## EXERCISE REQUIREMENTS:
After dropping the pictures, give again exactly the lines of the data from its first line through the line with "and delete it.", which is included as well.

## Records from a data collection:
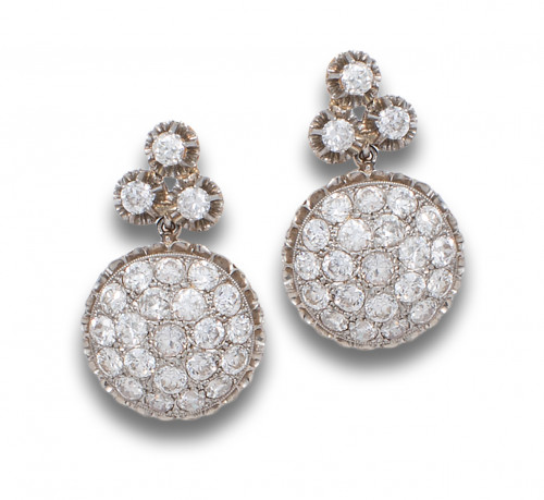 Pendientes colgantes antiguos de ora amarillo de 18 kt. con vistas en platino. Formados por tríos de diamantes, de los que penden rosetas de diamantes, talla antigua, peso total estimado de 6 ct. Engaste en grano.
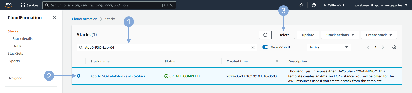 šŸ”µ Use the steps below to find your CloudFormation stack and delete it.
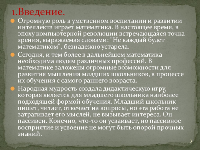 Народная мудрость создала дидактическую игру, которая является для младшего школьника наиболее подходящей формой обучения. Младший школьник пишет, читает, отвечает на вопросы, но эта работа не затрагивает его мыслей, не вызывает интереса. Он пассивен. Конечно, что-то он усваивает, но пассивное восприятие и усвоение не могут быть опорой прочных знаний.
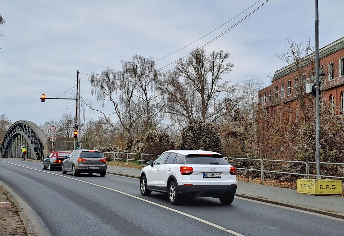Die Stadtverwaltung folgte der Empfehlung und ließ eine mobile Ampelanlage installieren. Diese steht inzwischen und soll Radfahrenden das gefahrlose Einfädeln in den fließenden Verkehr ermöglichen. Die Funktionsweise ist denkbar einfach: Nähert sich ein Radfahrender auf dem nördlichen Radweg der Brücke aus östlicher Richtung, schaltet die Anlage automatisch auf Rot für den motorisierten Verkehr und gleichzeitig auf Grün für den Radverkehr.
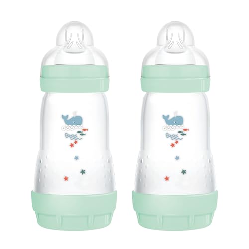 mam - Easy Start Anti-Colic Flaska 2+ månader medium flöde (260 ml) Ocean - Flaska för att minska kolik och obehag för barnet - amningsvänlig babyflaska
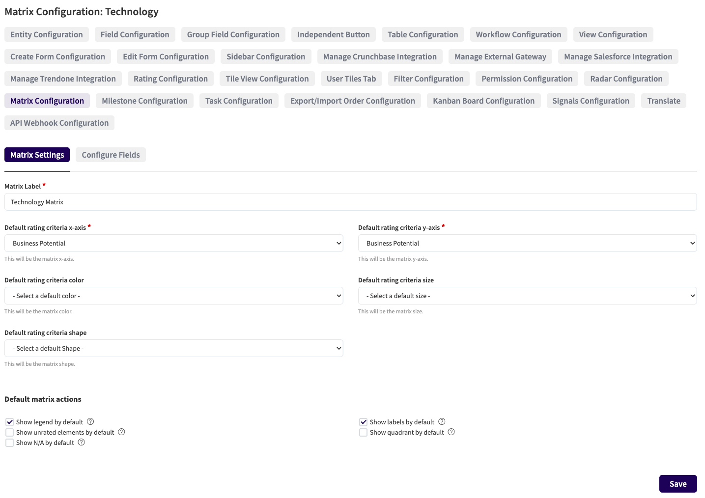 Next, go to the Matrix Configuration tab and start configuring the basic view under the Matrix Settings sub-tab:
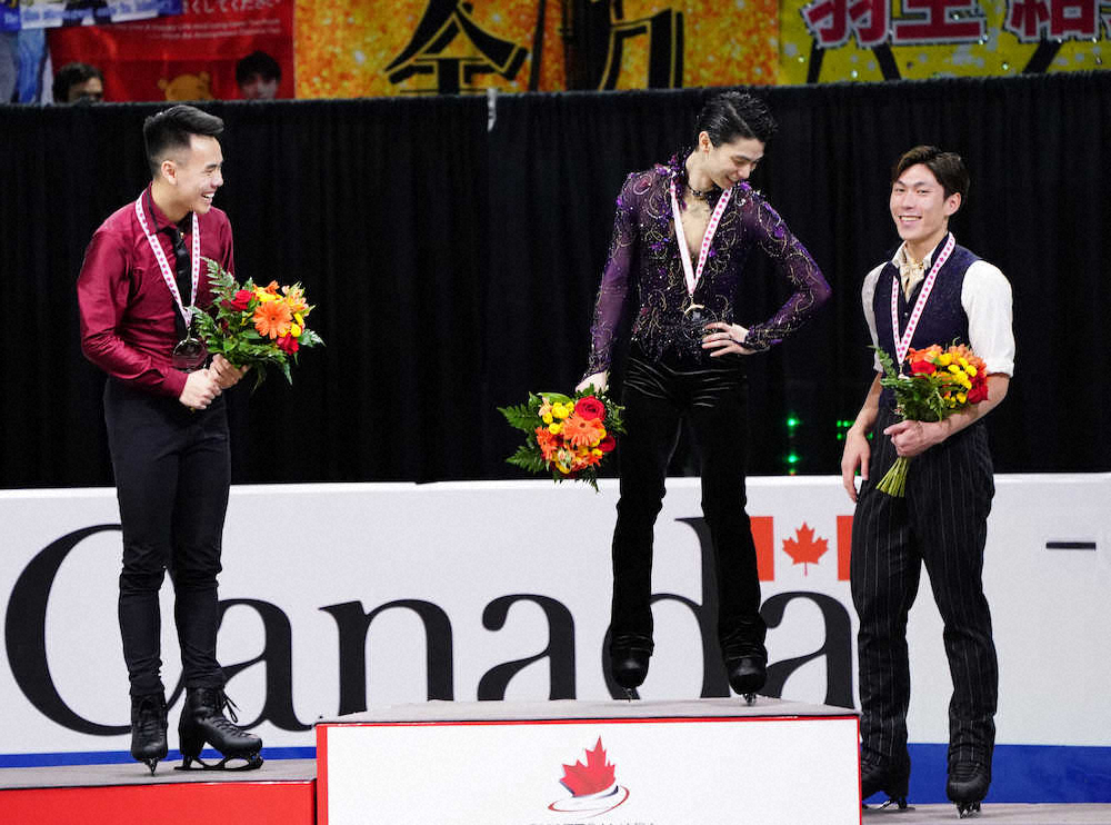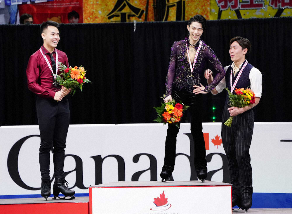 <スケートカナダ・男子フリー>メダルをかざす左からナム・ギュエン、羽生結弦、田中刑事(撮影・長久保 豊)
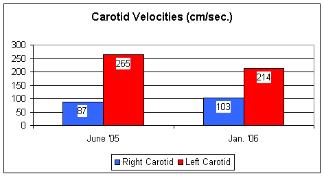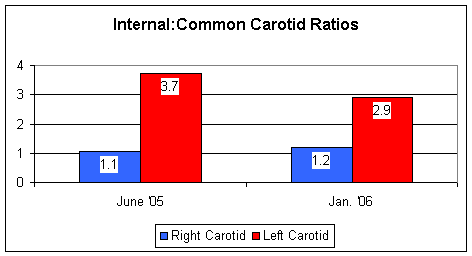 The Internal Carotid Artery, which serves the front of the brain, arises from the Common Carotid Artery in the neck. Another measure of Internal Carotid disease severity is the velocity ratio between the Common and Internal Carotid on the same side. In BR's case the ratio fell significantly on the left and rose only minimally on the right.

## RESPONSE:
 Pendientes colgantes antiguos de ora amarillo de 18 kt. con vistas en platino. Formados por tríos de diamantes, de los que penden rosetas de diamantes, talla antigua, peso total estimado de 6 ct. Engaste en grano.
 šŸ”µ Use the steps below to find your CloudFormation stack and delete it.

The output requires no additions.